Since all presumptions favor the superior court’s ruling and a reasonable court could have discredited Bolbol’s showing, we can find no abuse of discretion and must affirm the superior court’s order.
III. Disposition
The order is affirmed.
_______________________________
Mihara, J.
WE CONCUR:
_____________________________
Elia, Acting P. J.
_____________________________
Bamattre-Manoukian, J.
Feld v. Bolbol
H043368
[1] Subsequent statutory references are to the Code of Civil Procedure unless otherwise specified.
[2] In early January 2016, Feld filed a request to renew the restraining order for another three years. The court set a hearing on the renewal request for January 26, 2016. Bolbol opposed the renewal request on the ground that “[t]here has been a material change in facts.” Beginning on January 26, 2016, the superior court repeatedly continued the hearing on the renewal request and extended the WVRO, ultimately extending it to July 2016. In July 2016, the court renewed the WVRO and set the new expiration date as July 20, 2019.
Feld asserts that Bolbol’s appeal is moot because of the 2016 renewal. Not so. Had the injunction been dissolved, it could not have been renewed.

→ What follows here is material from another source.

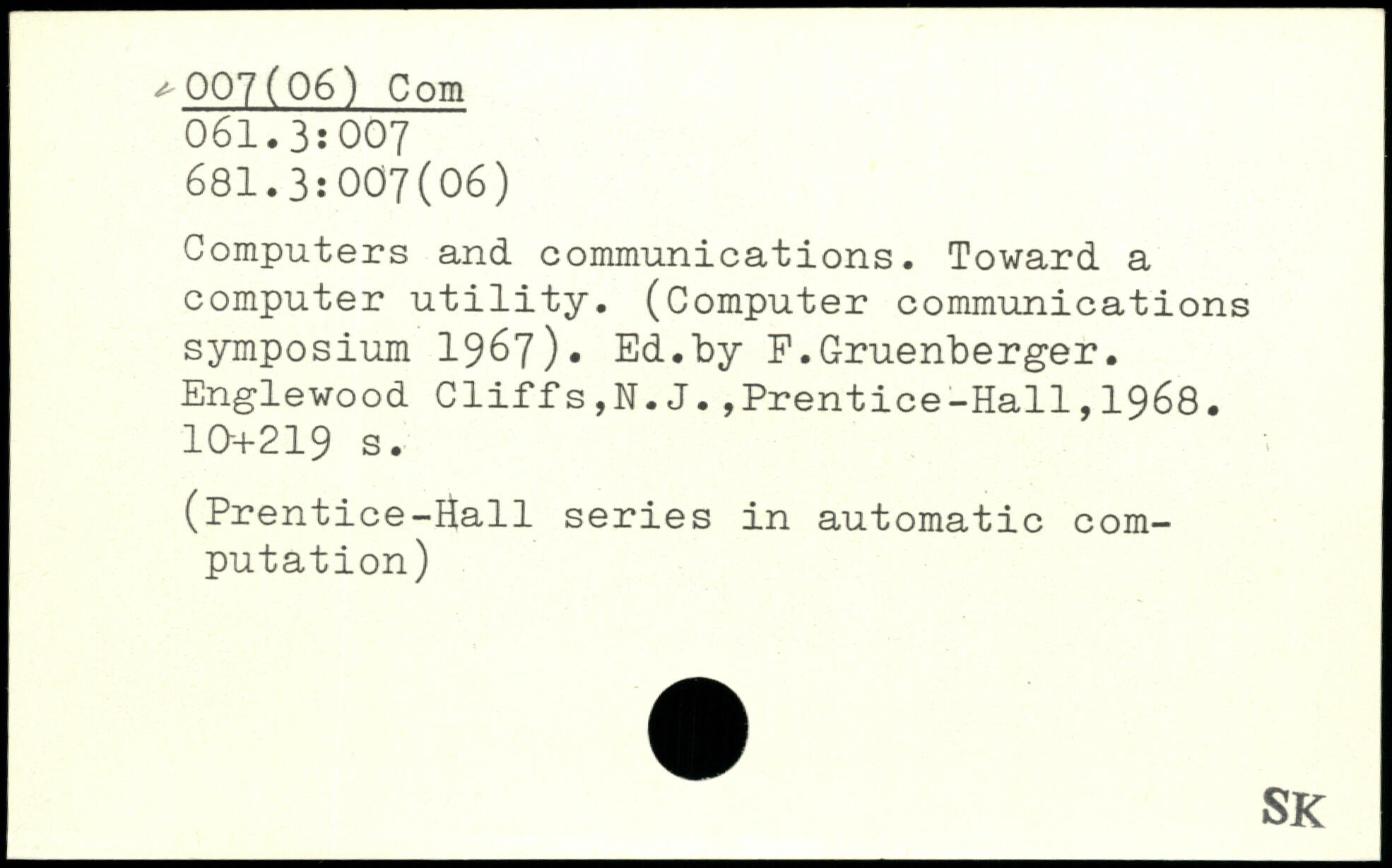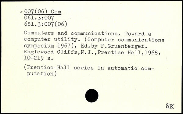 Computers and communications. Toward a computer utility. (Computer communications symposium 1967). Ed.by E.Gruenberger.

If we agreed with Bolbol that the superior court abused its discretion in denying her motion and directed the court to grant her motion, the renewal of the injunction would thereby be invalidated.
[3] In her opening appellate brief, Bolbol did not contend that the superior court erred in denying her alternative motion for a new trial. In her reply brief, she asserts that the superior court erred in denying her alternative motion for a new trial. We do not consider issues raised for the first time in a reply brief. (Reichardt v. Hoffman (1997) 52 Cal.App.4th 754, 764-765.) Hence, we decline to consider Bolbol’s argument that the superior court erred in denying her alternative motion for a new trial.
[4] The name is blacked out on the copy of the report submitted by Bolbol. It is not clear who made the redaction.